The sender side algorithm: Start by sending a windowful of data. Then start listening for acks. If any ack comes in, move the window forward. If this allows new data to be sent, send it. If this is the last bit of data, set the FIN bit in the header. If an ack for the last datum arrives, the data has been successfully sent. If a NAK is received for a segment, retransmit that segment.
The receiver's algorithm: For every packet received, send an ack. This ack should contain the new window size you want the sebder to send. If the applictation requests the data, give the data to the application. When the last packet arrives (the FIN bit will be set) you've received all the data. When the application has received the last of the data, release the buffer.
The receiver and fragments: If because of fragements a hole appears in the data sent (i.e. you have data looking like YYYYYYnnYYYYYYY) you might transmit a NAK for the missing data. If not, the sender must retransmit some data correctly received.
Lost Acks: Note that lost acks don't necessarily mean a retransmission. Instead, if a second ack arrives ack-ing more data, but in the original timeout period, then no retransmission need occur.
Why: TCP is built on top of IP, which can suffer long and varrying delays due to rerouting or changes in network load. But TCP needs to set a timeout value for each segment sent. If the timeout value is too largem latency will increase if segments are lost. If the timeout is too small, bandwidth will be wasted on unnecessary retransmissions during increases in packet delays.
HOW: Therefore, TCP must make estimates of both the current delay, and the variation in delay. The computation looks like this:DIFFERENCE = SAMPLE - OLD_RTTParameters:
NEW_RTT = OLD_RTT + delta * DIFFERENCE
DEVIATION = OLD_DEVIATION + alpha * (abs(DIFFERENCE) - OLD_DEVIATION)
TIMEOUT = NEW_RTT + n * DEVIATIONalpha -- How much each sample affects the current estimate of deviation. (Suggested value 1/4).Alpha and Beta should be between 0 (new data has no effect) and 1.0 (old data has no effect).
delta -- How much each sample affect the current estimate of the round trip time. (suggested value 1/8)
n -- How "loose" a timout to set. (Suggested value 2...4)
What about Retransmissions? Retransmissions make computing the delay between sending a packet and receiving an ack difficult to compute. It's impossible to tell if the ack coresponds to the original data or to the retransmission. Therefore, retransmissions are not used as samples in the above computations. Instead, the current RTT estimate is doubled for each timeout taken. See page 212 (Karn's Algorithm) for details.
One interesting varient on the standard sliding window used by TCP is that the ack for every packet contains both the data to be acked, and the current size of the sliding window. If the sender is sending to fast, the receiver can slow it down by reducing the size of the sliding window. Therefore, a slow receiver can stop a fast sender from overwelming it.

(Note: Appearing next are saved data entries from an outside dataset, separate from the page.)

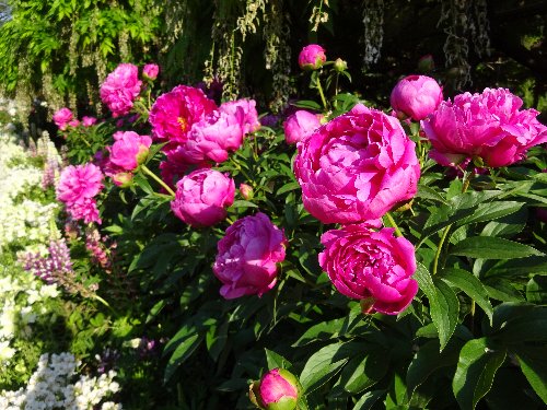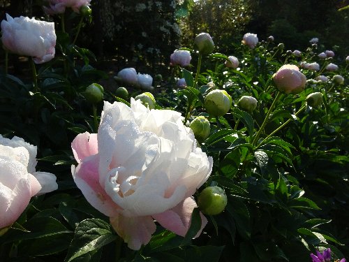 白藤トンネルの脇では、私が主役よと言わんばかりにシャクヤクが咲き競っています。
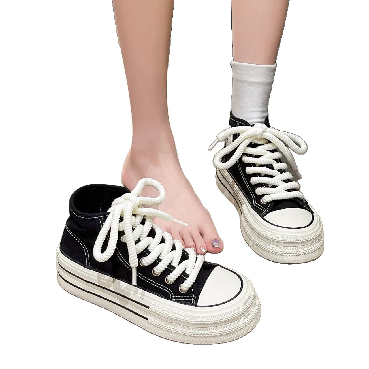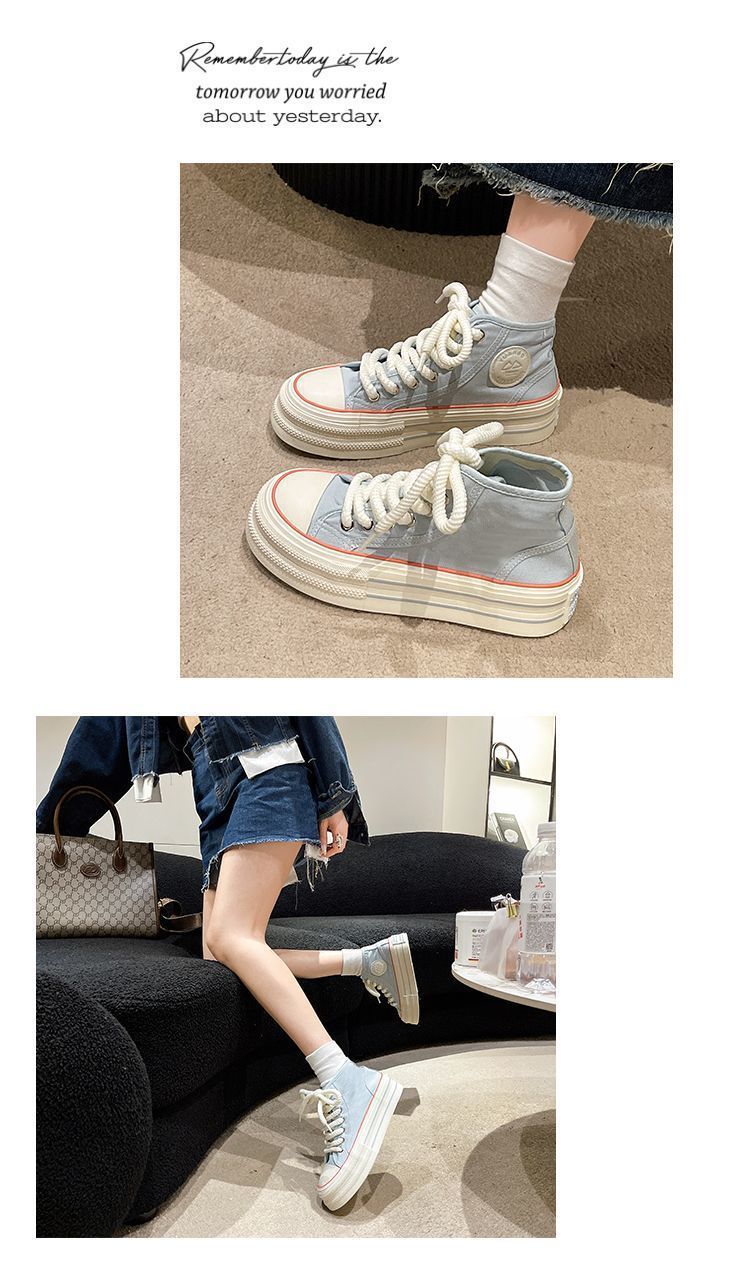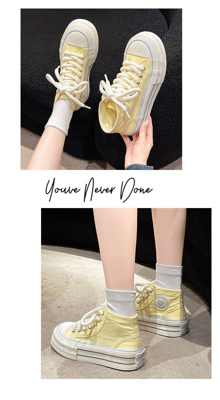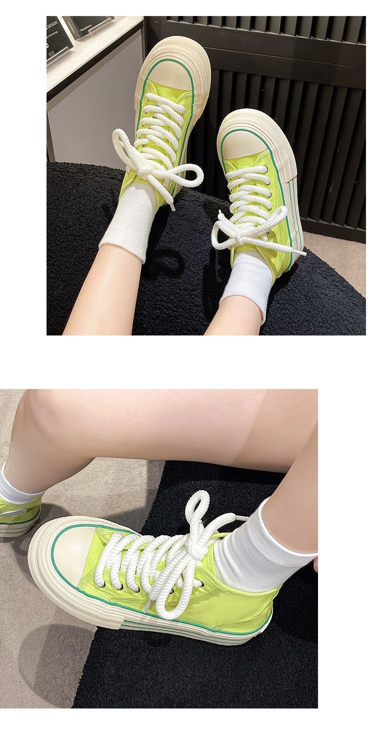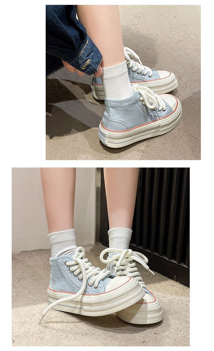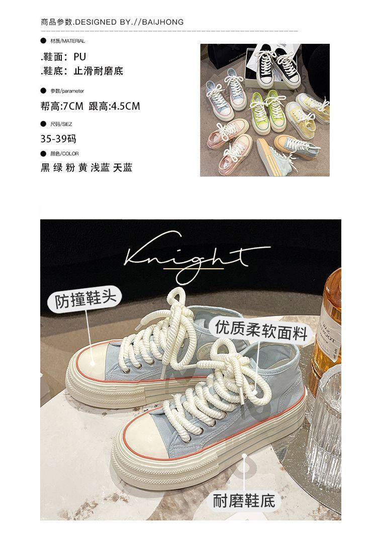 도파민 컬러 매칭 두꺼운 밑창 통기성 캔버스 신발 여성 2025 여름 새로운 다목적 높이 증가 보드 신발
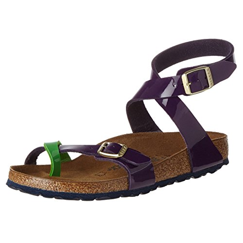 Studio : Birkenstock Publisher : Birkenstock Binding : Apparel Product Description Successfully bridging the gap between the toe-post sandals and the ankle strap, the Yara sandals for women from Birkenstock are a real eye-catcher with the svelte note and minimalist design. These purple and green strappy sandals are manufactured from the exceptionally skin-friendly and hard-wearing synthetic material Birko-Flor with a shiny, patent finish. Birko-Flor is an alternative to leather having the same smooth appearance to which it was added a shiny, patent coating for a touch of extravagance and increased durability. These open back-and-toe sandals feature an adjustable back strap with a gold metal buckle closure that surrounds the ankle in a criss-cross form at the front, a slender strap with gold metal buckle over the instep to adjust to the wearer's feet and an additional loop around the big toe, directly attached to the midsole for a firm grip. The underside of the high quality upper material is lined with exceptionally soft and smooth layer of fleece while the anatomically correct natural cork-latex footbed encourages foot health and makes the Yara sandals a light and summery companion that offers outstanding comfort. The suede lined contoured insole moulds to the shape of your foot creating a custom footbed to cradle and support each and every step you take. The raised toe bar is designed to encourage the natural gripping motion of your feet aiding with circulation. The neutral heel profile and deep heel cup of these slide sandals is distributing your body weight more evenly maintaining a natural posture while walking. Finishing these narrow fit sandals is the flexible EVA outsole which offers lightweight, shock absorbing support with lasting durability. Made in Germany. 0
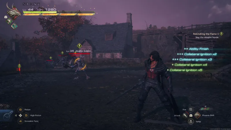 This is the most important tip I can give you, considering the majority of your time in FFXVI will be spent wailing on enemies. And though it’s obvious – like yes, duh, extend your combos in an action game – what’s not apparent are the simple ways you can do that. First, unlock everything you can in Clive’s starting ability circle. This unlocks moves like down thrust, lunge, an ability to jump off enemies, and more. These moves work together to extend your combos greatly.
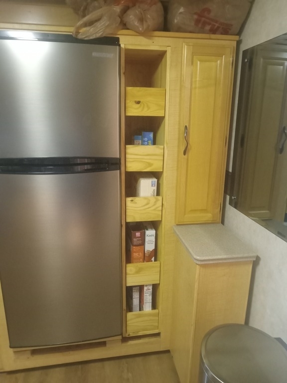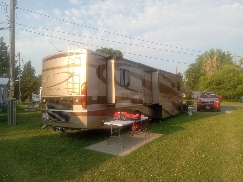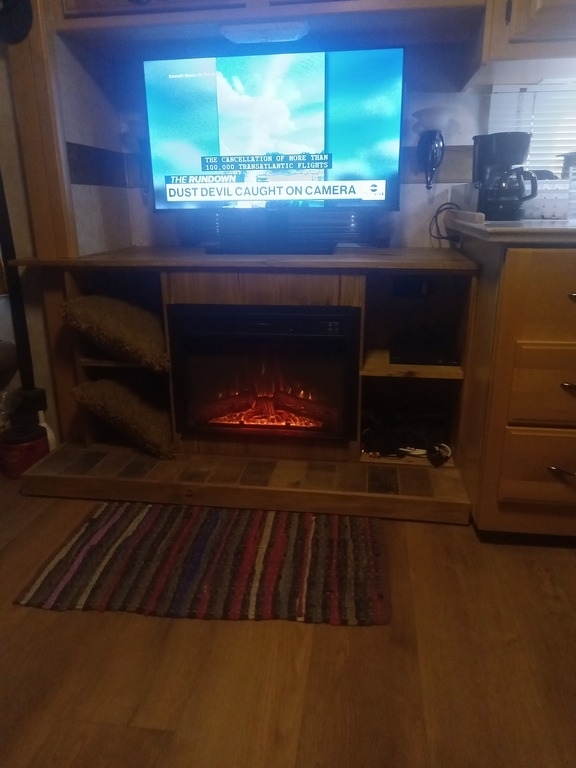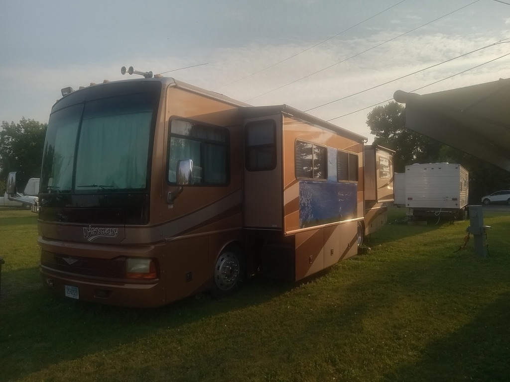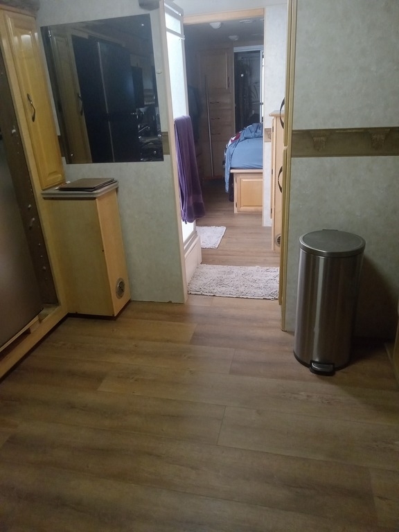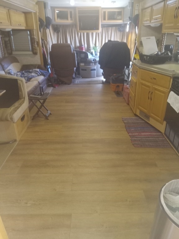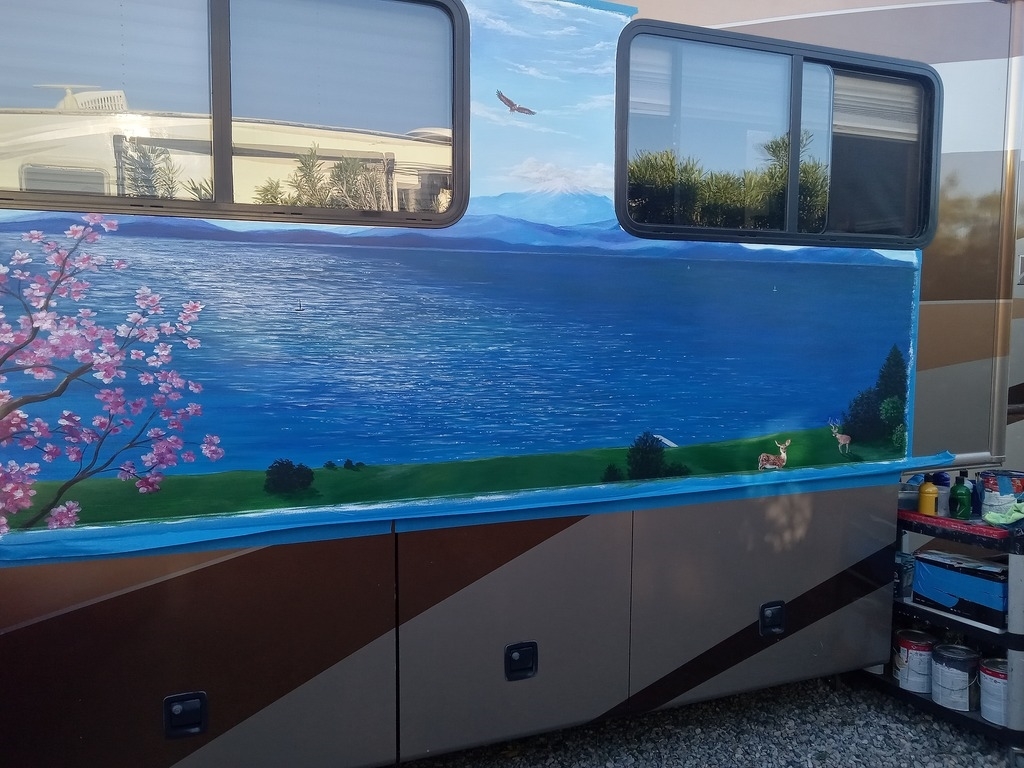 “The driver's side slide-out features a hand-painted mural, and new vinyl plank flooring has been installed throughout. The RV also includes a custom-built entertainment center and a new 12-volt fridge. A new fuel pump was installed in May, and the oil and filter have been changed annually, along with regular fuel filter replacements. This well-maintained and comfortable RV can sleep up to six people.”
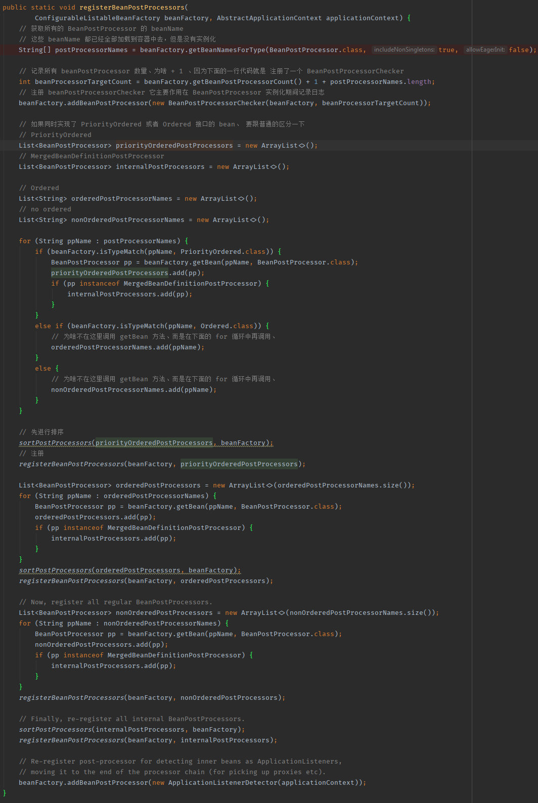 registerBeanPostProcessors(beanFactory, priorityOrderedPostProcessors);

Why: Suppose the path between the two hosts becomes congested with traffic. This will delay traffic so much that the hosts will think data has been lost. They will respond with retransmissions, which increase the problem. Therefore, every connection has a 'congestion window' which also controls the data send. A sender cannot send data unless allowed by both the receiver's window (for flow control) and the congestion window (for congestion control).
How to detect congestion: There is no congestion detection built into IP. Therefore, TCP makes the conservative assumption that ALL lost packets are caused by congestion.
Setting the Congestion Window Size: Start the congestion window at 1 segment. If a packet is lost, reduce the congestion window by 1/2. For every successful transmission without timeout,
Note that the window goes down a by a factor, and it goes up by a constant. Having it go both up and down by a factor can result in an occilating system.
- if the congestion window is less than 1/2 it's maximum size increase the congestion window by 1. This is called slow start, and in fact is quite fast.
- else increase it by 1 only if all segments within a whole window arrive successfully.
A sender can mark some data as urgent. It does so be setting the urgent bit and urgent pointer in the header. A sender can send urgent data regardless of the state of the sliding window. Any host that receives urgent data should tell the application immedialey, and offer this data even if preceding data has not yet been received. One example of urgent data is the ^C in telnet.
TCP does not preserve data boundries. In other words, if you send four times a message of 512 bytes, you might receive 1 message of 2048 bytes, a 1024 and two 512, or any combination of bytes that adds to 2048.